Jason Stajich jason@cgt.mc.duke.edu
Thu, 13 Dec 2001 14:06:03 -0500 (EST)


So when parsing NCBI blast output with blastx things are transformed in a
slightly different way in the xml vs the plain text output.

Normally we infer the strand of the query sequence in a blastx run by
looking at the start/end position and translating this to start always
less than end and updating the strand to -1 if start was > end.

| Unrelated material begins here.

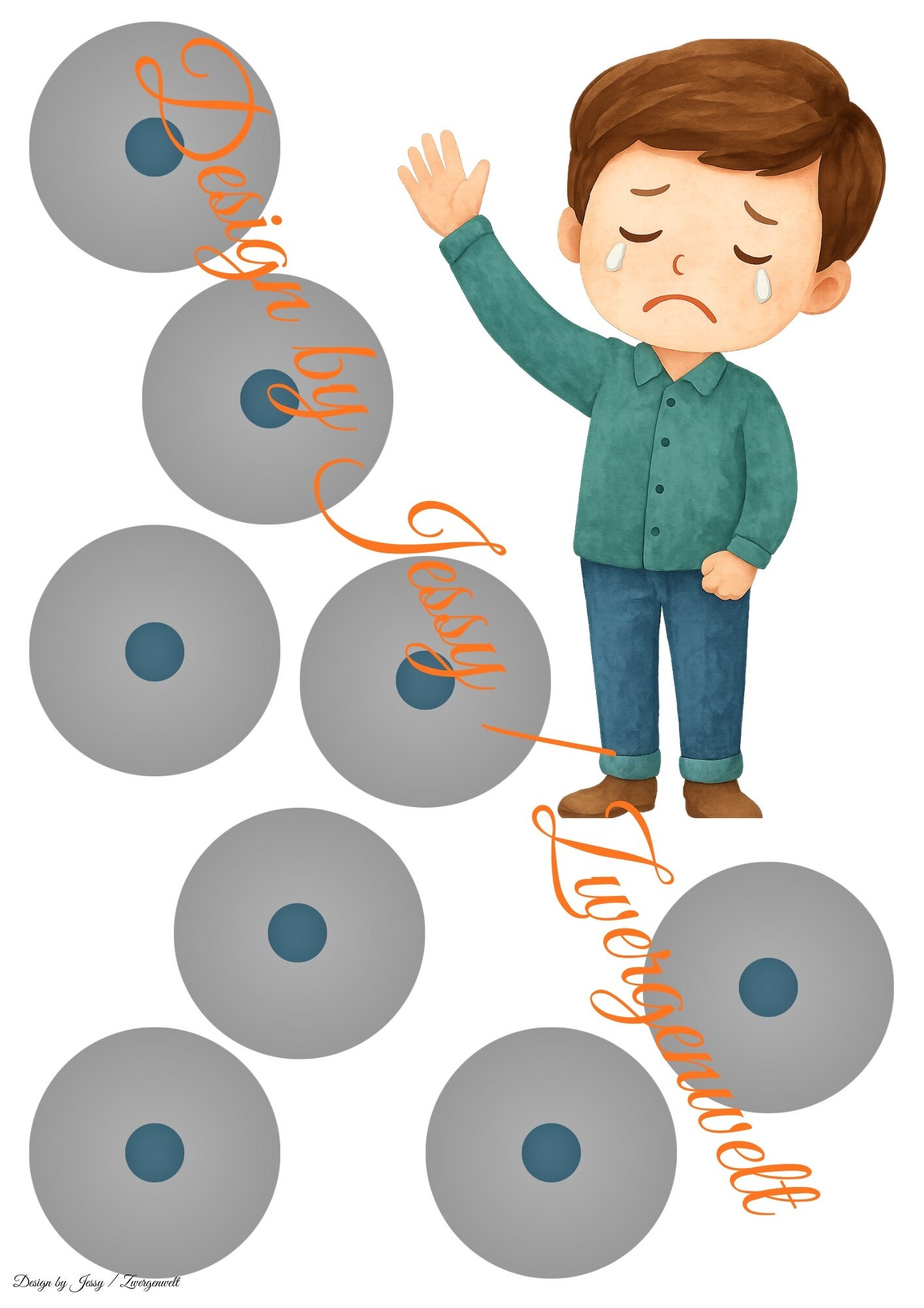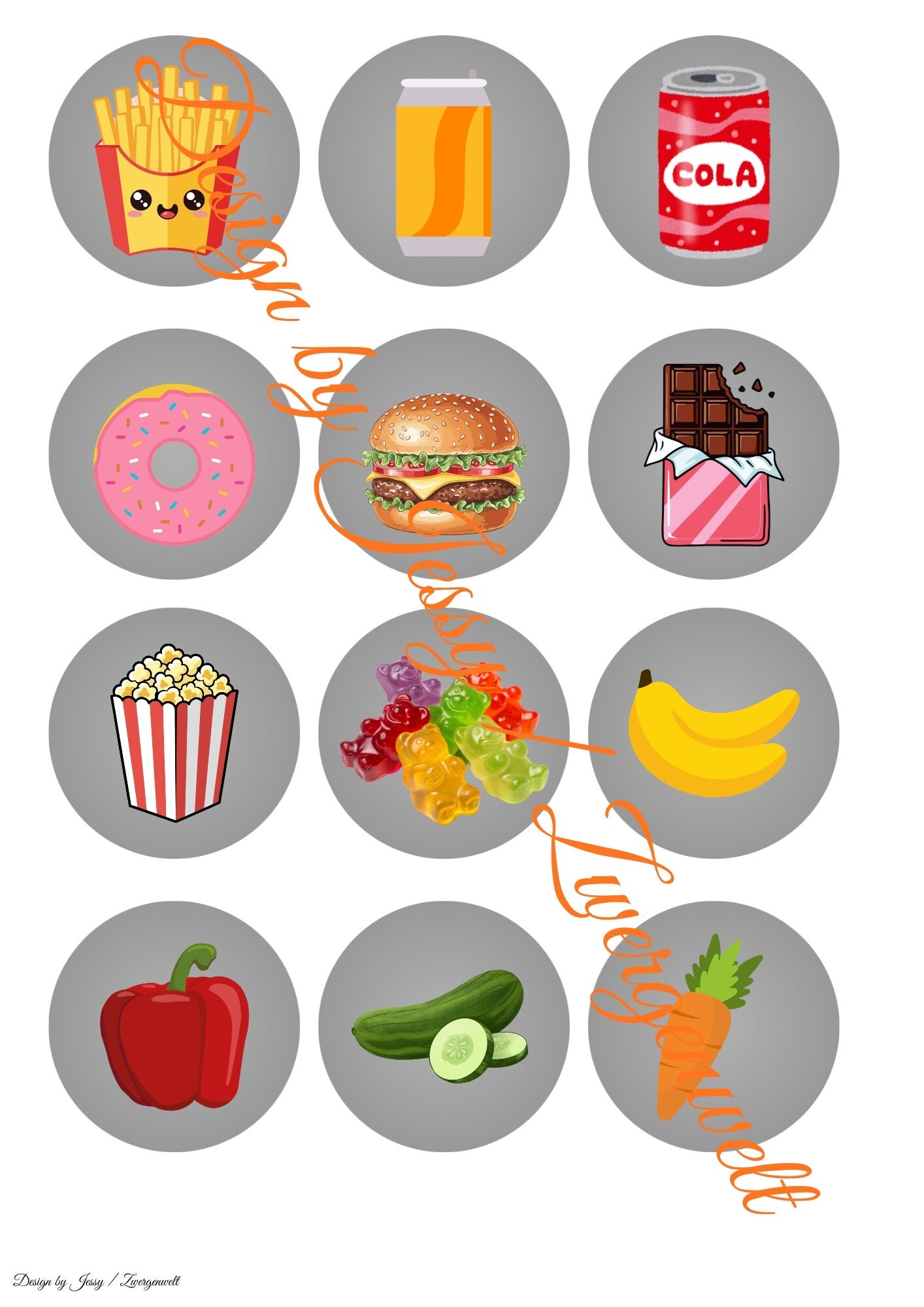 Dieses pädagogische Set enthält farbenfrohe Illustrationen von Lebensmitteln (z. B. Paprika, Maiskolben, Gummibärchen, Kürbis, Apfel) und Jungen-Figuren (fröhlich/weinend) . Inklusive Vorlagen zum Ausdrucken und Basteln einer interaktiven Klett-Mappe – ideal für Kita oder Zuhause.

However in the NCBI XML output from blastall (2.1.3) we get the following

[only relavent stuff shown from the actual blastx run]
<Hsp_query-from>400</Hsp_query-from>
<Hsp_query-to>621</Hsp_query-to>
<Hsp_query-frame>-3</Hsp_query-frame>

while in plain text we get (from bl2seq):

 Score = 53.5 bits (127), Expect(2) = 3e-12
 Identities = 27/74 (36%), Positives = 40/74 (53%)
 Frame = -3

Yet if I look at the blast output in original blast text mode I get this:
Query: 621 YVVDSYANVAASAISAKNMTRSLIGASVPLWITQLFHNLGFQYGGLLLALVSVVXXXXXX 442
           Y+++SY  +AASA++A    RS  GA  PL+   +F  +G  + GLLL L +
Sbjct: 508 YIIESYLLLAASAVAANTFMRSAFGACFPLFAGYMFRGMGIGWAGLLLGLFAAAMIPVPL 567

Query: 441 XXXYKGASVRKRSK 400
                G S+RK+SK
Sbjct: 568 LFLKYGESIRKKSK 581


So... I've dealt with it with the following big of logic in
Bio::SearchIO::SearchEventResultBuilder:
top of method 'end_hsp'.

   if( defined $data->{'queryframe'} && # this is here to protect from  undefs
       ( ( $data->{'queryframe'} < 0 &&
	   $data->{'querystart'} < $data->{'queryend'} ) ||
	 $data->{'queryframe'} > 0 &&
	 ( $data->{'querystart'} > $data->{'queryend'} ) )
       )
       {
	   # swap
	   ($data->{'querystart'},
	    $data->{'queryend'}) = ($data->{'queryend'},
				    $data->{'querystart'});
       }
   if( defined $data->{'subjectframe'} && # this is here to protect from undefs

       ( (defined $data->{'subjectframe'} && $data->{'subjectframe'} < 0
&&
	$data->{'subjectstart'} < $data->{'subjectend'} ) ||
       defined $data->{'subjectframe'} && $data->{'subjectframe'} > 0 &&
       ( $data->{'subjectstart'} > $data->{'subjectend'} ) )
     )
   {
       # swap
       ($data->{'subjectstart'},
	$data->{'subjectend'}) = ($data->{'subjectend'},
				  $data->{'subjectstart'});
   }


I'm going to commit it - but I wanted to throw it out there and explain
where this ugliness came from and see if anyone has issues with it.


-- 
Jason Stajich
Duke University
jason@cgt.mc.duke.edu